For instance, if a retailer buys goods worth $ 10,000 with the agreement that they will pay for the goods in 30 days while the supplier offers net 30 terms, the accounts payable will amount to $ 10,000 and it is recorded under current liabilities. It shows an expense that is a liability for the retailer, which must be paid within one year.

Key Things To Know:

- Accounts payable is a payable position that indicates a future commitment to pay for the supplies and merchandise received in the business.

- It is a negative account on the balance sheet because it represents an amount that the business has spent and which it needs to repay.

- Accounts payable is not an expense at the time when the raw materials or the supplies were purchased.

Why AP Is Not An Expense

It is confused with the account expenses by many people. But they are very different accounting concepts:

Cost – It refers to the amount of money or value that was used to purchase an asset or goods for business during an accounting period. Costs feature on the income statement and have the natural tendency of directly decreasing net income totals.

Accounts payable – Reveals commitment to make payments for expenses in the future. From the balance sheet, we find that AP has the appearance of being an asset.

Therefore at the time when a business takes accounts payable it has not recorded any amount of cash has not been spent or an expense is not recorded in the income statement. It may take months, or even years before the company pays off its AP balance in full to eliminate an actual expense.

When does Accounts Payable become an Expense?

Directly, accounts payable does not constitute an operating expense but the purchase transactions falling under the accounts payable line will convert to expenses at a later date when payment is made.

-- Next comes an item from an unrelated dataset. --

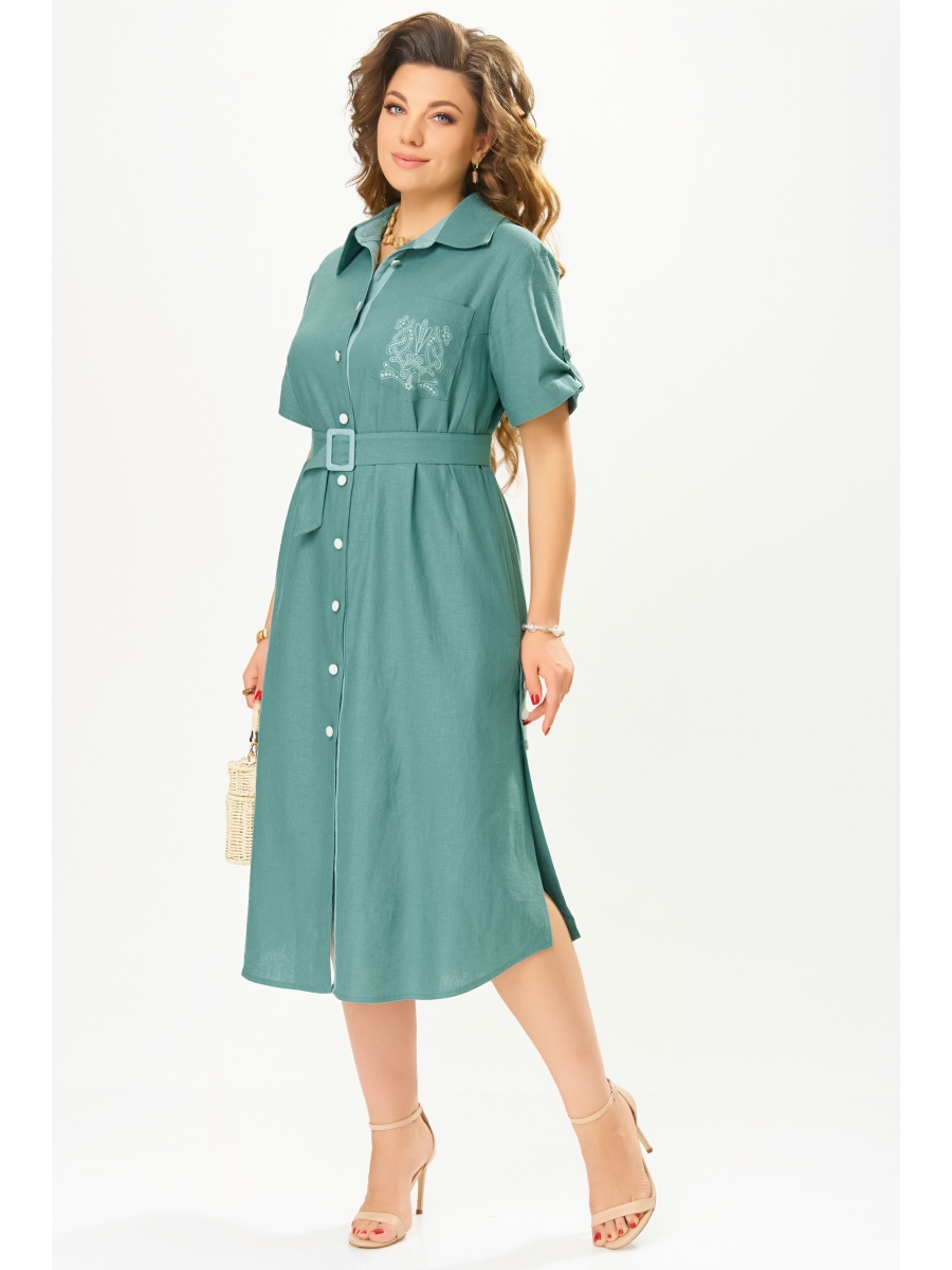 Созданное из льняной ткани с добавлением вискозы, оно дарит ощущение легкости и свежести, а его прямой силуэт подчеркивает естественную красоту фигуры. Съемный пояс позволяет варьировать образ, добавляя акцент на талии или создавая расслабленный силуэт.

Here is the typical sequence of accounting events:

1. This means that the company purchases its inventories or materials on a 30-day credit basis. Accounts payable has $10,000 outstanding, which was not the case before.

2. After 30 days, the AP of the Company is settled by issuing a cheque of $ 10,000 to its suppliers.

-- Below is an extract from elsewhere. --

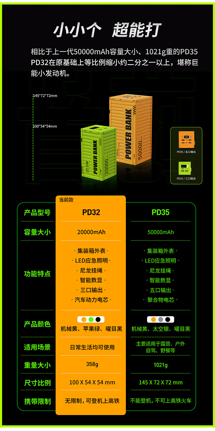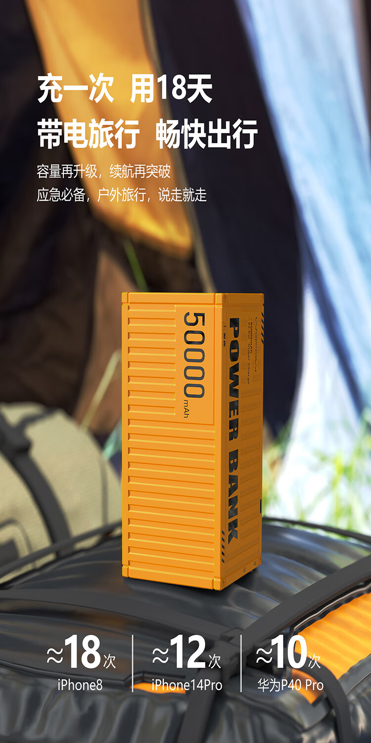 沃品 充电宝 22.5W超级快充 50000毫安超大容量 PD35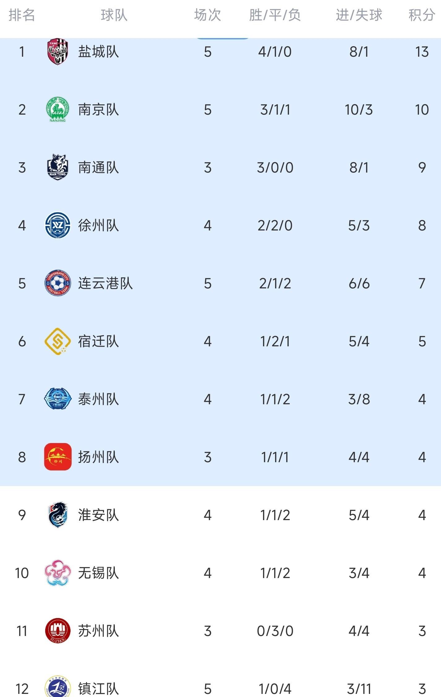 盐城5战4胜1平积13分登顶,南京队多赛1场差3分排第二。 下轮盐城将战南通队——这支“黑马”刚3-1掀翻苏州,队里有3个前中超梯队球员。 球迷论坛已开吵:“南通要是再赢,咱们麋鹿得改吃长江刀鱼! ”

3. The $10,000 cash payment is recognized as SG&A expenses similar to COGS or Supplies expenses.

The recording of the expense occurs at the time accounts payable become due and get paid off, not at the time the AP line was created.

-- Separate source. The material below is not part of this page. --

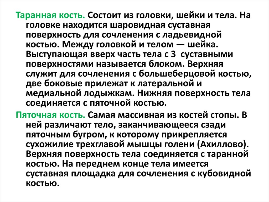 Таранная кость. Состоит из головки, шейки и тела. Наголовке находится шаровидная суставная

In its essence, accounts payable can be defined as a way of delaying a cost. Basically, through the use of credit terms in making purchases of various items, the company has delayed the recognition of such items’ costs as expenses. Payables, especially accounts payable, paid later on will lead to expensing those item costs in operating expenses.

In Summary

Even though accounts payable, as the name might suggest, is a liability through which a company agrees to pay for items in the future, it is not an expense in itself. AP is recorded on the balance sheet as an account payable rather than it is recorded on the income statement. Nevertheless, it is important to point out that paying off accounts payable will result in recognizing expenses such as Cost of Goods Sold or Supplies Expense. Thus, after some delay, accounts payable turn into the expenses of the company.